Having validated the LAMP-based HAT test in the laboratory, FIND and Eiken will now test the assay in clinical field trials in the Democratic Republic of Congo and Uganda. Researchers from the organizations will investigate whether the test can be used to confirm a diagnosis of the disease, even when parasites are present in low numbers; and whether it can be used to confirm cure after treatment for HAT, which would help reduce the follow-up period and eliminate the need for multiple lumbar punctures.
Sundaram said that the organizations would also like to develop a version of the test that can discriminate between the different stages of the disease, but added that the research team is "very far from that, quite a few years out … because we still don’t know the markers. FIND is working internally and with external partners to identify these molecular markers, she added.
If all goes well with the clinical field trials, FIND said, it hopes to have a NAT confirmatory assay available for clinical use next year. One of the bugaboos slowing commercialization efforts is sample prep, a common hurdle for developers of point-of-care molecular diagnostics.
"We're hoping that during these field trials we will be able to address sample prep," Sundaram said. "The test is currently done on blood. During the trials we will be figuring out the most optimal sample prep for blood.

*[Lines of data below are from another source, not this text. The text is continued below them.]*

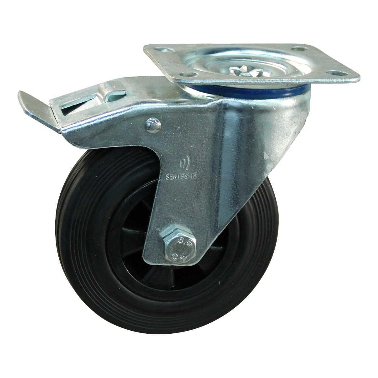 Diese Lenkrolle hat eine Gabel aus Stahl. Diese Rolle hat eine Totalfeststeller, Nachlauf. Dies kann mit Befestigingsart „Platte“ befestigt werden. Die Bauhöhe beträgt 108 millimeter. Das Material der Felge ist PP (RAL 9005 Tiefschwarz) und der Lauffläche Gummi (RAL 9005 Tiefschwarz). Das Rad hat einen Durchmesser von 80 millimeter und eine Breite von 25 millimeter. Die Tragfähigkeit beträgt 50 kilo. Der Lagertyp: Rollenlager. Dieses Produkt finden Sie in unseren Kategorien: Gummiräder, Kleine Lenkrollen mit Feststeller, Kleine Lenkrollen, Lenkrollen 50 kg, Lenkrollen 80 mm, Gummi Lenkrollen, Transportrollen, Lenkrollen mit Bremse, Lenkrollen.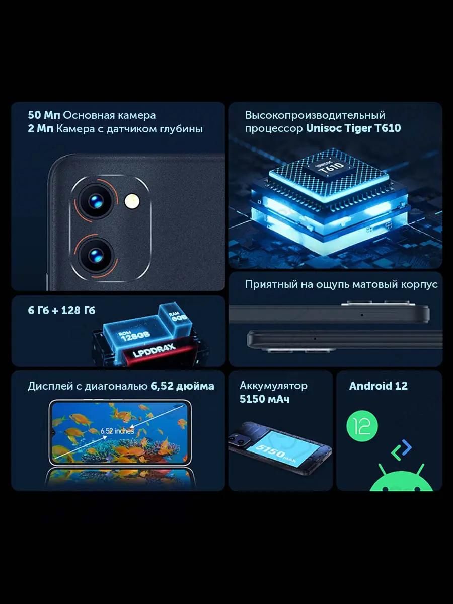Смартфон UMIDIGI G1 Max работает под управлением операционной системы Android 12 на базе восьмиядерного процессора Unisoc с интегрированным графическим ускорителем Mali G52. Сбалансированное сочетание мощного «железа» и обновленного программного обеспечения гарантирует мгновенный запуск приложений и плавную работу в режиме многозадачности. Быстродействие обеспечивают 6 Гб ОЗУ. Этого достаточно для выполнения любых повседневных задач. Для хранения личных данных выделено 128 Гб внутренней памяти, которую при необходимости можно расширить внешней флеш-картой формата microSD.</p> <p><strong>Особенности</strong></p> <ul> <li>подключение к интернету по Wi-Fi;</li> <li>синхронизация с другими устройствами через Bluetooth-соединение;</li> <li>поддержка быстрой зарядки;</li> <li>встроенные системы навигации.</li> </ul> <p>Быстро разблокировать телефон можно с помощью торцевого сканера отпечатка пальца, который встроен в кнопку питания. Также пользователям доступна функция разблокировки по лицу. Данная модель оснащена комбинированным выдвижным лотком, рассчитанным на установку одновременно двух nanoSIM-карт. Однако при использовании карты памяти получится использовать только одну «симку».</p> <p><strong>Дисплей с IPS-матрицей</strong></p> <p>6,52-дюймовый HD-экран с соотношением сторон 20:9 одинаково хорошо подходит для общения в соцсетях, чтения электронной книги и просмотра видеороликов на YouTube. Также можно поиграть в нетребовательные мобильные игры. Дисплей отличается точной цветопередачей и оптимальным уровнем контрастности.</p> <p><strong>Двойная камера</strong></p> <p>Основной 50-мегапиксельный объектив с автофокусировкой и интеллектуальными алгоритмами оптимизации позволяет делать качественные и четкие фотографии в любых условиях освещения. Дополнительная оптика с разрешением 2 Мп предназначена для портретной съемки с эффектом размытия заднего плана. Фронтальная 8-мегапиксельная камера подходит для селфи-снимков и видеозвонков.</p> <p><strong>Автономность</strong></p> <p>В смартфоне используется несъемный литий-ионный аккумулятор емкостью 5150 мАч, с которым можно смотреть фильмы и играть в игры в течение 7 часов или целые сутки непрерывно слушать любимую музыку.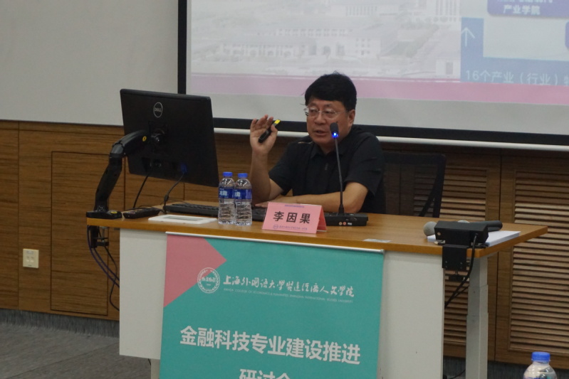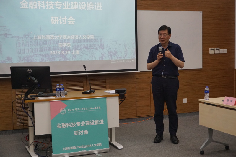 2023年8月29日,上外贤达商学院成功召开“金融科技专业建设推进研讨会”。我校校长郑方贤、江苏师范大学科文学院经济学院李因果院长、上海师范大学商业数据系朱敏主任、上海八客信息科技有限公司董事长李红波先生、北京知链科技有限公司解决方案总监周博先生、交大高金金融研究院金融科技研究中心原执行主任姜振兴教授及商学院主要领导和专业带头人、骨干教师出席本次研讨会。会议由商学院副院长季萍主持。

We think from preliminary data and the lab trials that we would be able to use dried blood spots on filter paper, but part of our protocol is also to look at different ways to prepare the sample."
Having partnered for the better part of six years, FIND and Eiken also have LAMP-based POC tests in the works for other diseases commonly found in developing nations, including tuberculosis and malaria. Those tests are similarly plagued by sample prep issues, but Sundaram said that the organizations are hoping they will also be commercially available in 2012.
FIND and Eiken have not disclosed financial terms of their various agreements, but Sundaram said that in general FIND helps fund development of the diagnostic tests and Eiken is obligated to sell it at cost to FIND-defined markets in the developing world.
"[Eiken] can't make a profit on it, but they don't lose money by making this test," Sundaram said. "It gets them into a variety of other markets that they wouldn't ordinarily get into. And they can use this to potentially [develop tests] in other markets."
Sundaram also noted that it's too early to speculate on the cost of the HAT test "because it will depend on the final configuration and everything that goes into the kits, and what types of volumes we are thinking about."
In the meantime, FIND and Eiken are also exploring other potential uses for the assay. "Because we think this technology has potential for surveillance, as well, we're also exploring the idea of developing a high-throughput version" to use in central labs for epidemiology studies, Sundaram said.